Submitted to: Heliyon
Publication Type: Peer Reviewed Journal
Publication Acceptance Date: 12/20/2024
Publication Date: 1/30/2025
Citation: Lamas, Z., Solmusz, S., Ryabov, E., Madella, S., Corona, M.V., Evans, J.D. 2025. Nano Colonies: Rearing honey bee queens and their offspring in small laboratory arenas. Heliyon. Article e42042. https://doi.org/10.1016/j.heliyon.2025.e42042.
DOI: https://doi.org/10.1016/j.heliyon.2025.e42042

Interpretive Summary: Controlled experiments with honey bees can be done with individual bees or entire colonies. Determining the impacts of disease and stress on members of honey bee colonies is complex, especially when providing meaningful answers for colonies in the field. This methodology describes the use of small colonies consisting of one queen and dozens to hundreds of honey bee workers. The described arenas are stable and it is possible to both raise new bees and monitor the changes in queen production, development and worker survival. This tool can help in the search for solutions to heavy losses observed for the world's primary agricultural pollinator.

Technical Abstract: Honey bees create complex societies of self-organized individuals in intricate colonies. Studies of honey bees are carried out in both the field and the laboratory. However, field research is encumbered by the difficulties of making reliable observations and environmental confounders.
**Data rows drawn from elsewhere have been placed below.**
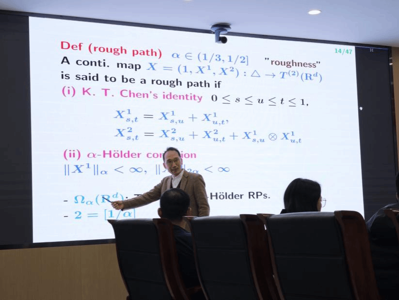 Yuzuru Inahama的报告聚焦于粗糙路径理论,对这一学科进行了深入而全面的阐述。与传统的伊藤随机微积分理论不同,粗糙路径理论摆脱了随机过程增量独立性和马氏性的理论限制,它不依赖于概率框架,而是从路径的角度为理解由“粗糙”的轨道驱动的非线性随机系统提供了强大的理论基础。Inahama在演讲中深入探讨了多个方面,包括受控常微分方程、几何粗糙路径、粗糙微分方程以及受控路径的Gubinelli理论等。本次讲堂的举办活跃了我院师生在粗糙路径理论方面的学术交流,更拓宽了师生的研究视野。
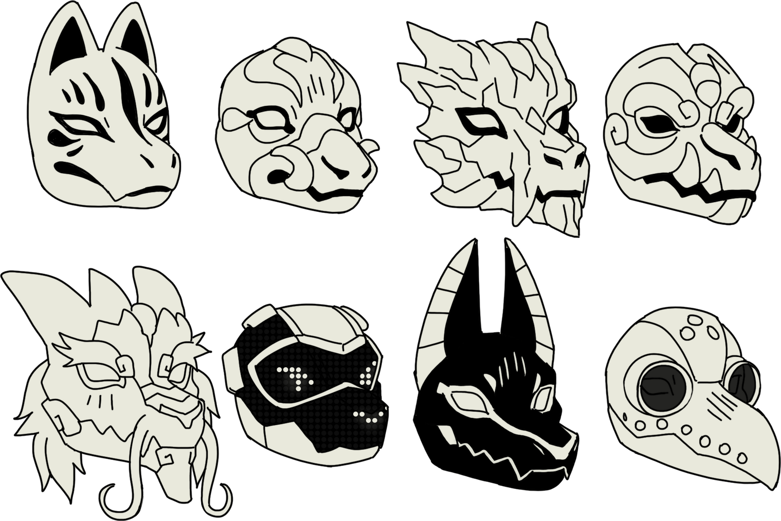 Máscaras (Clase Silvestre)Las máscaras representan la personalidad de un croconaut. Pueden ser de cualquier material, madera, planta, piedra, metal, cuero, hueso, mecánica incluso elementos mágicos como fuego.
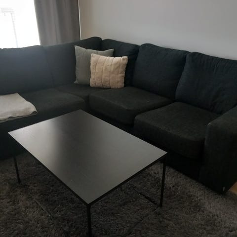 Kuvassa näkyy tahrat ja pohjasta on revitty suojakangas. Huom. Koiratalous!!

Meanwhile, laboratory trials produce data that are not field realistic as they lack key characteristics of a natural colony. Additionally, advances in honey bee research have been hindered without reliable methodology to rear queens in the laboratory. Here we provide a new system to reliably produce queens and worker brood in the laboratory and describe how this system fits with artificial insemination of queens as a step towards a continuous self-contained source of bees. The process creates a bridge between field research and laboratory trials and provides a secure system for contagious or regulated elements while maintaining many of the intrinsic characteristics of a honey bee colony.